LabOne Imaging: Software Trigger’s new Grid Mode

In LabOne Release 16.04 the Software Trigger receives a powerful extension, Grid Mode, which organises the triggered data in a 2-D matrix allowing image construction direct from LabOne. This blog explains how this new functionality works and describes its most important parameters. For an introduction to manipulating SW Trigger data in Matlab, please seeĀ this previous blog.

An image obtained using SW Trigger's Grid Mode.

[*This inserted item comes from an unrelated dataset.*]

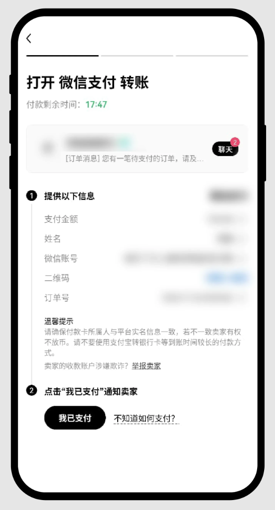 4. 一定要以订单详情页里展示的收付款方式或者 IM 窗口卖家推送的卡片信息内的收付款方式为准,切勿转错。

An image created using LabOne SW Trigger’s Grid Mode using Dual Frequency Resonance Tracking. Image courtesy of Ehsan Esfahani, University of Washington, Seattle.

What is Grid Mode?

The SW Trigger is popular in scanning probe microscopy (SPM) and other imaging applications where the image data is acquired line-by-line based upon well-defined trigger events. Often the scanner unit outputs a line trigger while the duration and number of pixels per line is set by the user. Grid Mode allows the user to define how many lines his entire image (matrix) consists of, aligns the individual lines precisely by the trigger timestamp and organises the data in a 2-dimensional matrix from which an image can be directly created. Multiple instrument signal sources, e.g., demodulator output, PID error and boxcar output, may be recorded simultaneously. Grid Mode guarantees that the user obtains a matrix of the specified size for each of the instrument signal sources and the pixels are aligned across the matrices by timestamp. This is true, even if dataloss in one of the signal sources occurs.

Data Organisation

SW Trigger’s Grid Mode is an extension of its previous functionality and respects it’s fundamental parameters such as the recording duration (of a signal burst) and the trigger configuration (such as a digital trigger on the instruments DIO port or an analogue trigger on the instrument’s auxiliary signal inputs). After enabling Grid Mode (trigger/0/grid/mode), the key parameter is the number of lines (we use the expressions rows and lines equivalently) the image should consist of (trigger/0/grid/rows). Each row in the grid will consist of data from one recorded SW Trigger burst and the rows are organised in the grid as depicted below.

Individaul SW Trigger signal bursts are inserted as rows into the grid.

Data Alignment and Interpolation

Grid Mode also allows the user to specify the number of columns in the grid (trigger/0/grid/cols), i.e., the number of pixels in each line of the image. This results in a resampling step since the number of recorded samples in each signal trace will not coincide with the desired number of pixels in the image. In addition, the resampling step takes care to align the rows of the grid relative to one another with respect to their “trigger timestamps”, the instrument timestamps indicating when the SW Trigger actually triggered for each row. In general, of course, the centre of one pixel will not correspond to the trigger timestamp, but each row is shifted so that the a line drawn vertically across all rows will correspond to the same point in time in all rows with respect to the trigger timestamp, see the image below.

The recorded data is interpolated onto a new timestamp grid.

In other words, Grid Mode creates a timestamp grid that is defined by the number of columns, the trigger timestamps and the span of the timestamps in the signal bursts (lines) and then interpolates each of the signal sources onto this timestamp grid. The interpolation of the data is either nearest neighbour or linear (specified by trigger/0/grid/mode). Currently, if the data is heavily oversampled (the number of recorded data samples in each signal burst is much greater than the specified number of columns in the grid) many data points will be ignored. Other sampling methods are planned in future releases.

Using Grid Mode from one of the LabOne APIs

LabOne’s Grid Mode may also be used from the LabVIEW, Matlab or Python APIs. As displayed below, intermediate data may be read from the SW Trigger (before all grid rows have been acquired) allowing for intermediate plotting of results. Each of the APIs contain an example for Grid Mode that can be modified to your needs. The LabVIEW and Matlab examples are distributed within the LabOne installer and the Python examples are available in the zhinst.ziPython Module. Both are available from our downloads page. See the LabOne Programming Manual for help locating the examples.

The plot generated from the LabOne Matlab API SW Trigger example.

The plot generated by the LabOne Matlab API Grid Mode example, example_swtrigger_grid_average.m. The example configures the SW Trigger to trigger on a beat generated in demodulator data and demonstrates interactive plotting of image lines as the data is acquired from the instrument.